On Moomins
July 7th, 2008
I have had a strange pre-history with Moomins. Several years ago, Dave Humphrey and Cyril Geurette and I ran a series of lectures called The Underground Canon. We invited various speakers to introduce the texts that they had found influential but that were not widely read or recognized. One of the speakers proposed to speak on Tove Jansson’s The Moomins and the Great Flood, which he characterized as one of the great children’s stories. I was teaching a Children’s Literature course at the time, so I was looking forward to Moomins, but the weather intervened, and that particular lecture had to be cancelled. I promptly forgot about Moomins altogether.
In a recent email exchange, however, TC also recommended the Moomin stories, even correcting my longstanding unwarranted assumption about their author’s gender. While a single recommendation can, in certain circumstances, be safely declined, I have an unofficial policy of not declining a book that has been recommended to me twice, so I went to my local library, only to be disappointed, as I often am. Of the many Moomin books that Jansson wrote, the library carried only two, one of which was on loan. I signed out Finn Family Moomintroll, sternly rebuked the librarian, who promised to see what he could do, and read the whole way home.

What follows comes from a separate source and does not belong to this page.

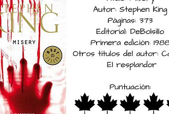 Poco a poco voy leyendo más novelas de Stephen King, y tengo que reconocer que a Misery le tenía muchas ganas. Es un libro que he disfrutado de principio a fin y que me hizo pasar realmente miedo, esto ya os lo explico en la reseña.
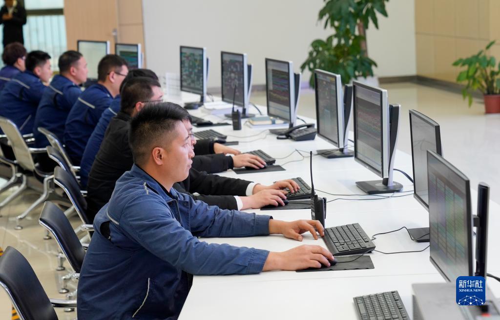 2月16日,在重庆万凯新材料科技有限公司中央控制室,技术人员利用智能化工业控制设备监控PET高分子新材料生产情况。

I was delighted. The Moomin stories are alternately comic and grave, fanciful and serious, fantastic and commonplace. They are both accessible to a child and interesting to an adult, which is my first criterion for any children’s literature, and they manage to avoid being merely didactic, which is my second. They do not consistently have the mystical quality that characterizes my very favourite works for children, touching this mood only on occasion, but they are beautiful nevertheless, and I will add them to the ever growing list of books that I need to acquire. More significantly, I will add them to the much smaller list of books that I will share with my children.

July 7th, 2008 at 11:09 am
!
reading while walking?
had (not) read; is reading; will read
(immersed in an eternity of reading)
eternity = “the shredded copy” of “the simultaneity of the three tenses”
Borges
but I don’t recall where..
do you?
July 8th, 2008 at 9:21 am
I think the line you quote comes from Borges’ “A History of Eternity” in a collection of his writings called Nonfictions.
July 8th, 2008 at 10:12 am
thankyou, so much.
and were you walking while reading,
or on some public transport?
there is not much written about walking while reading
and the idea has inspired me.
Cheers,
Trudy
July 8th, 2008 at 10:59 am
I often read while I walk. I sometimes set out to do nothing but read and walk, preferably on a summer evening and accompanied by a pipe, preferably along the dunes at Carter Bay on Manitoulin Island, but anytime I get the chance.